This song has one of the most emotional rap beats ever made. The synth strings and whistles are used astoundingly tastefully, and that they don’t sound cheesy is an accomplishment unto itself. The beat alone makes the song worthy, but Dizzee’s rap is key as well, as he spouts thought-provoking lines about life in the British ghetto. This is sort of like his version of Notorious B.I.G.’s “Sky’s the Limit”, if that will help. But much more British… and, well, better. Dizzee Rascal is set to take the world by storm: hell, he was even selected to appear on the remake of the good-will classic “Do They Know It’s Christmas Time?” to benefit a cause that I’m sure has to do with Africa.

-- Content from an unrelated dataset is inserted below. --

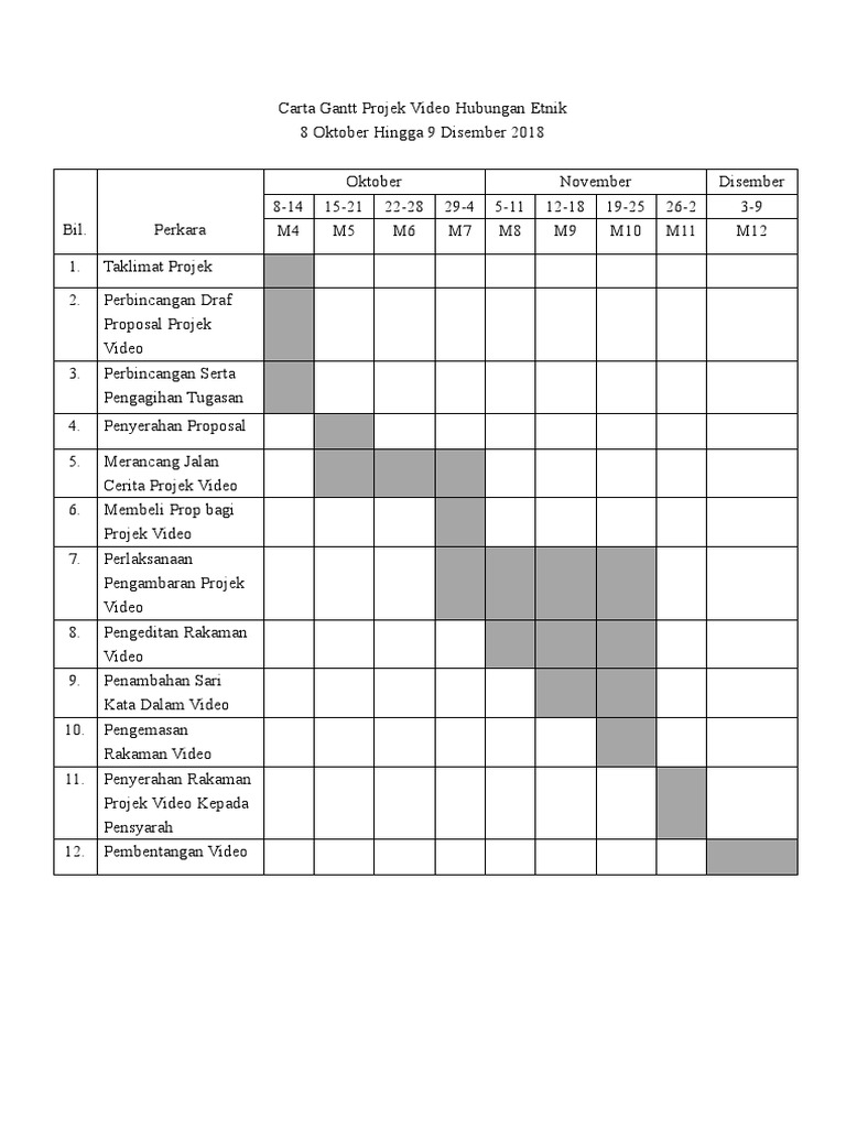 .masa minggu 1 2 3 4 1 2 3 4 5 1 2 3 4 1 2 3 4 1 2 3 memilih salah satu cu mengenal pasti masalah mencari tajuk projek memilih kaedah kajian pengenalan kajan penyataan masalah objektif kajian tujuan & skop kajian literature metodologi anggaran kos carta gantt pelaksanaan. Carta gant aktiviti hem cs 2012 via de.slideshare.net. Metode pelaksanaan pekerjaan proyek konstruksi adalah metode yang dibuat dengan cara teknis yang menggambarkan penguasaan penyelesaian pekerjaan yang sistematis dari awal sampai akhir yang meliputi tahapan/urutan pekerjaan utama dan uraian cara. Dalam suatu proyek pasti memerlukan sistem koordinasi yang efektif dan efisien struktur suatu organisasi juga merupakan bagian dari manajemen atau pengelolaan suatu proyek, dimana manajemen itu sendiri. Namun prakteknya suatu proyek mempunyai keterbatasan akan sumber daya, baik berupa manusia, material, biaya ataupun alat.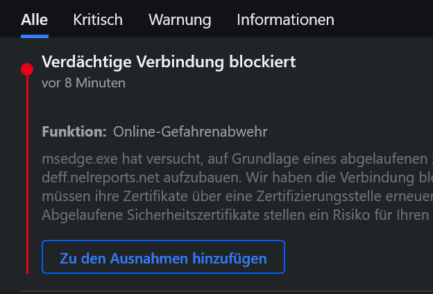 Gute Sicherheitssoftware überwacht auch diese Bedrohungen. Bitdefender beispielsweise meldet in einem solchen Fall eine „Verdächtige Verbindung“. Das ist erst einmal gut, denn dann ist diese blockiert und es konnte kein Schaden angerichtet werden. Die Ursache ist damit aber weiterhin nicht geklärt, geschweige denn abgestellt.

This must be the level of this guy’s popularity in Britain: he’s right alongside Bono, Radiohead, and Coldplay in what is bound to be one of the best-selling tracks of the year, and room was made for him specifically, because there was no rap verse in the original. If this isn’t a sign of budding stardom, I don’t know what is.

8. “America: F*ck Yeah” – Trey Parker & Matt Stone, Team America: World Police OST

These two modern-day Jonathan Swifts perceive pop culture so well that their spoofing is not only effective, but good. Proof: the South Park Movie OST was nominated for an Oscar based on musical merit. “America: F*ck Yeah” sounds exactly like you’d expect it to with a title like that: lame heavy metal from the 80s charged with synth, and trite lyrics like “Freedom is the only way” and “Terrorists your game is through, ‘cuz now you have to answer to America – F*ck yeah!” They go on to call out a list of things that merit a “F*ck yeah!”, such as “books”, “slavery”, and “Taco Bell”.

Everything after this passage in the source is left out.